Many-core GPUs provide high computing ability and substantial bandwidth; however, optimizing irregular applications like SpMV on GPUs becomes a difficult but meaningful task. In this paper, we propose a novel method to improve the performance of SpMV on GPUs. A new storage format called HYB-R is proposed to exploit GPU architecture more efficiently. The COO portion of the matrix is partitioned recursively into a ELL portion and a COO portion in the process of creating HYB-R format to ensure that there are as many non-zeros as possible in ELL format. The method of partitioning the matrix is an important problem for HYB-R kernel, so we also try to tune the parameters to partition the matrix for higher performance. Experimental results show that our method can get better performance than the fastest kernel (HYB) in NVIDIA-s SpMV library with as high as 17% speedup.




References:
[1] E.-J. Im, "Optimizing the performance of sparse matrix-vector
multiplication", PhD thesis, University of California, Berkeley, May
2000.
[2] R. Vuduc, " Automatic Performance Tuning of Sparse Matrix Kernels",
PhD thesis, University of California, Berkeley, December 2003.
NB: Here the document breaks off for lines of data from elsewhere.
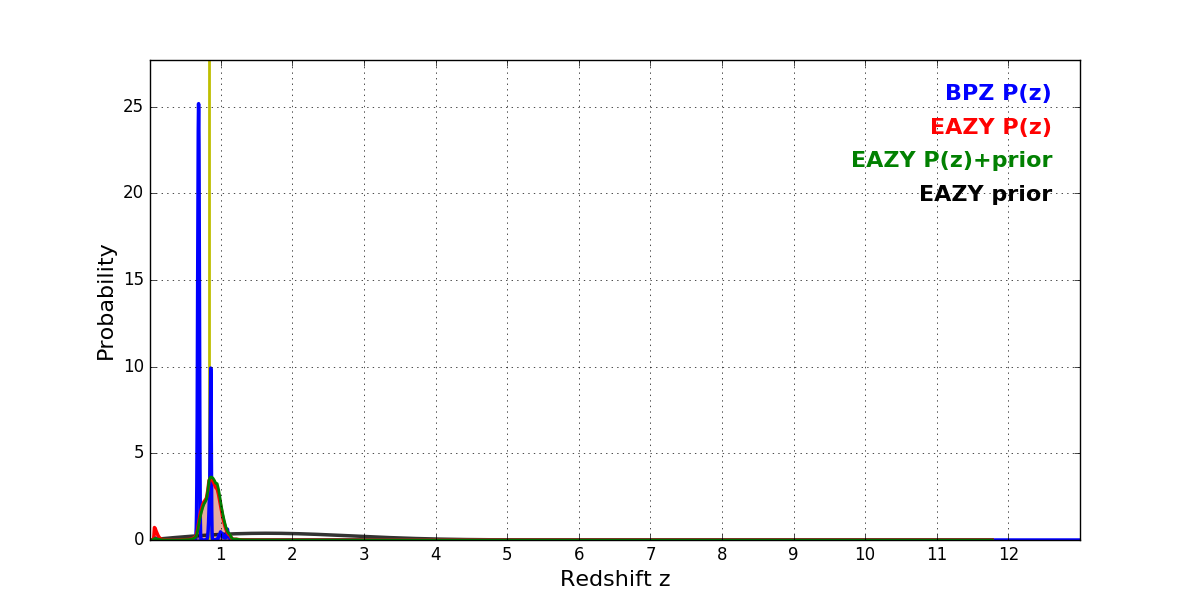 In P(z) plots: Yellow lines mark the cluster redshift z = 0.833,
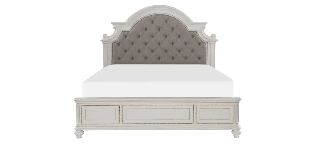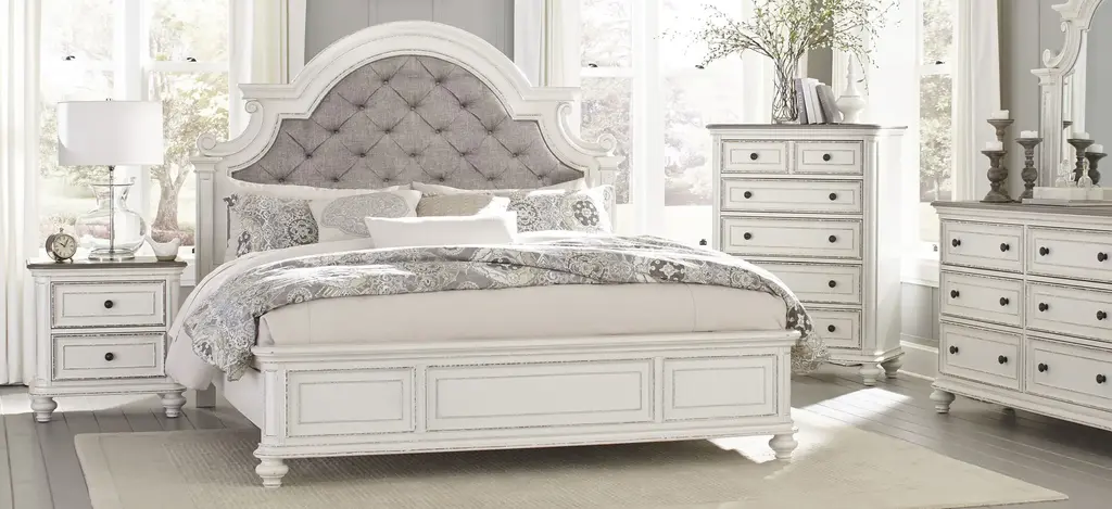 Soft, sweeping curves define the elegant profile of the Urbanite Collection. The bedroom is softened by an antique white rub-through finish with browngray finished framed-plank case good tops, creating a romantic aesthetic will place beautifully within your bedroom. Dark gray pleated, button-tufted fabric provides stunning contrast to the look of the bed, while dark finished metal knob hardware provides complementing contrast
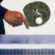 A silver metallic like Sagittarius zodiac symbol on a green woodland style digital camouflage design texture print background. A modern urban racy design for a great custom birthday gift idea.
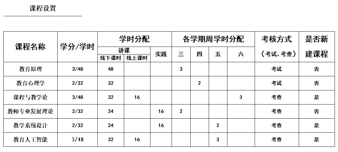 在教育数字转型的背景下,为学生开设技术前沿课程,例如教育人工智能、教学系统设计等课程,掌握人工智能技术使用策略,以确保微专业学生能够掌握人工智能技术支持教学。教育人工智能将建设成为线上线下混合课程。
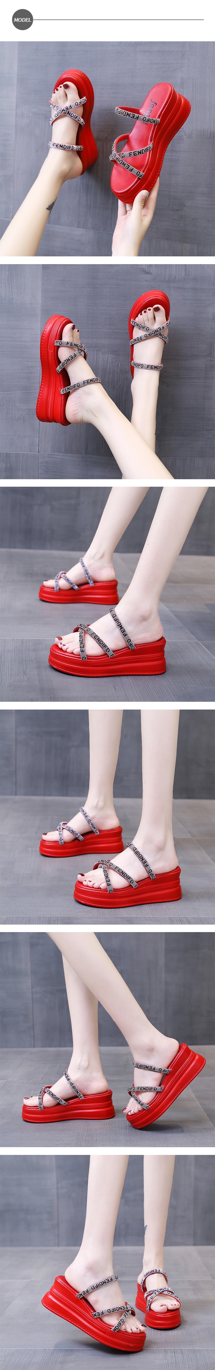 【HMH】貼鑽交叉坡跟厚底拖鞋/華麗貼鑽英文字句交叉一字帶造型坡跟厚底拖鞋 女鞋 紅
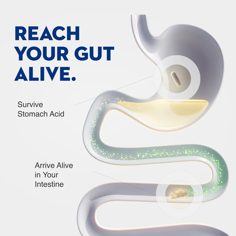 - Proprietary Enteric Shield® VegCaps protect fragile cultures during digestion—helping them survive harsh stomach acid so they arrive alive in the intestines for optimal delivery.*
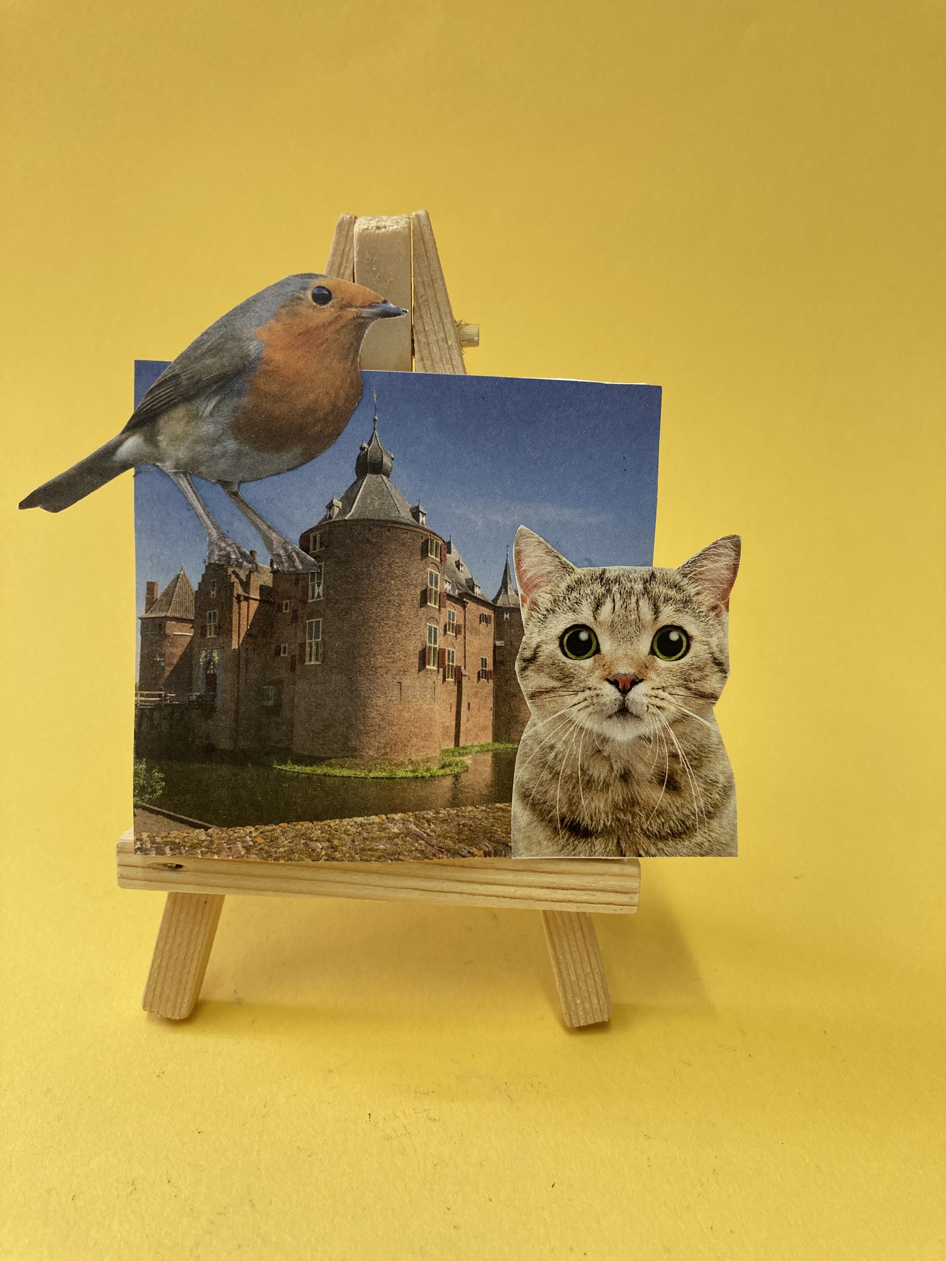 Col -la-ge: samengepakt geheel. Ik verzamel spullen en afbeeldingen. Daarna stel ik ze samen om een decoratief kunstobject te vormen. Humor, verwondering, verbazing, verhalend en stuk voor stuk uniek.
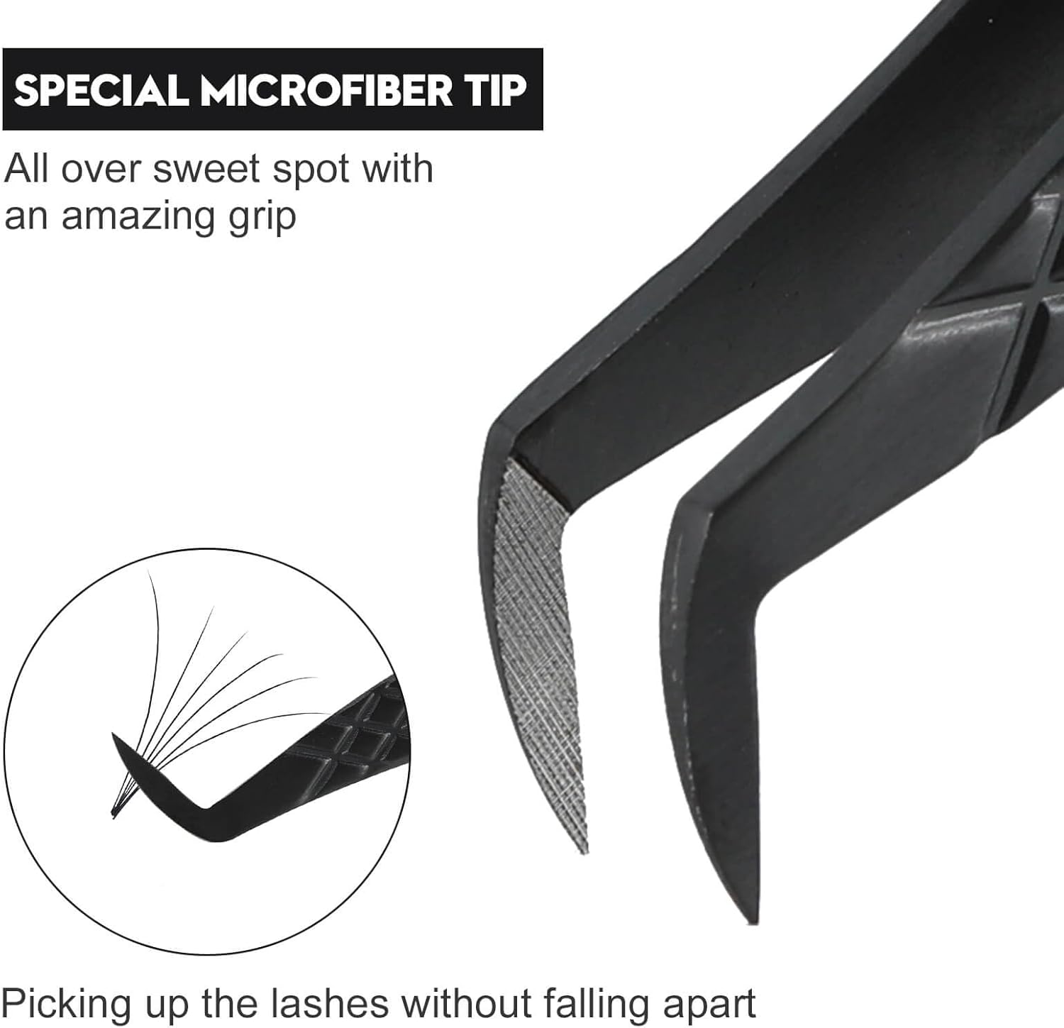 - ★FIBER TIP LASH TWEEZERS:Specifically designed with a microfiber tip Special microfiber tip—All over sweet spot with an amazing grip, picking up the lashes without falling apart.For professional lash artists use & beginner Friendly.
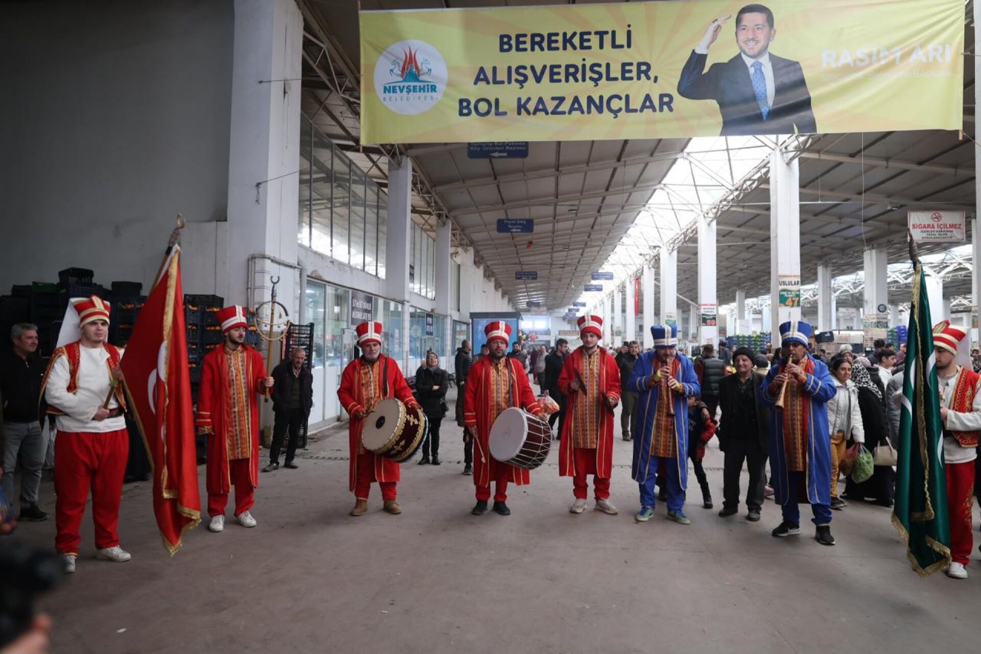 Nevşehir’de Ramazan ayının manevi atmosferi, Nevşehir Belediyesi Mehteran Takımı tarafından düzenlenen gösteri ile pazaryerine taşındı. Pazaryerinde alışveriş yapan vatandaşlar, mehter marşlarının coşkusuyla karşılaştı ve geleneksel Osmanlı müziğinin eşsiz ritimleriyle alışveriş keyfini artırdı.
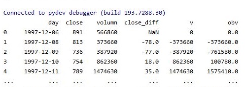 무어라 하기는 힘들지만, 아무튼 어떻게 해서 데이터를 가지고 와서, 이를 가지고서 가공한 다음, OBV지수를 계산하는 것 까지는 어떻게 성공했습니다. 다만, 문제가 있다면, 여기까지 확보를 한 것이지, 이를 머신러닝까지 적용하기 위해서는 상당히 힘든 과정이 남아 있다고 해야 겠습니다.
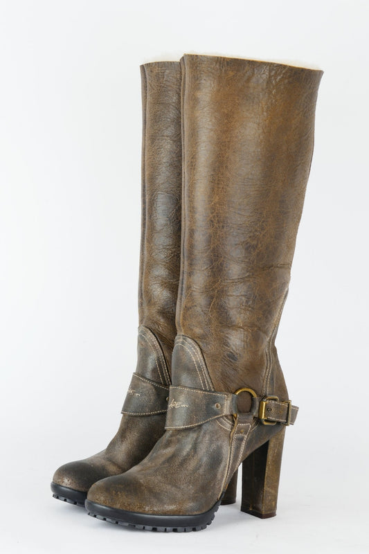 AusverkauftHohe Stiefel Leder dunkelbraun

[3] S. Williams , "Auto-tuning Performance on Multicore Computers", PhD
thesis, University of California, Berkeley, 2008.
[4] Sam Williams, Richard Vuduc, Leonid Oliker, John Shalf, Katherine
Yelick, and James Demmel, "Optimizing sparse matrix-vector multiply
on emerging multicore platforms," Journal of Parallel Computing, vol.
35, no. 3, pp.178-194, March 2009.
[5] Jeff Bolz, Ian Farmer, et al. , "Sparse matrix solvers on the GPU:
Conjugate gradients and multigrid," In Proc. Special Interest Group on
Graphics Conf. (SIGGRAPH), San Diego, CA, USA, July 2003.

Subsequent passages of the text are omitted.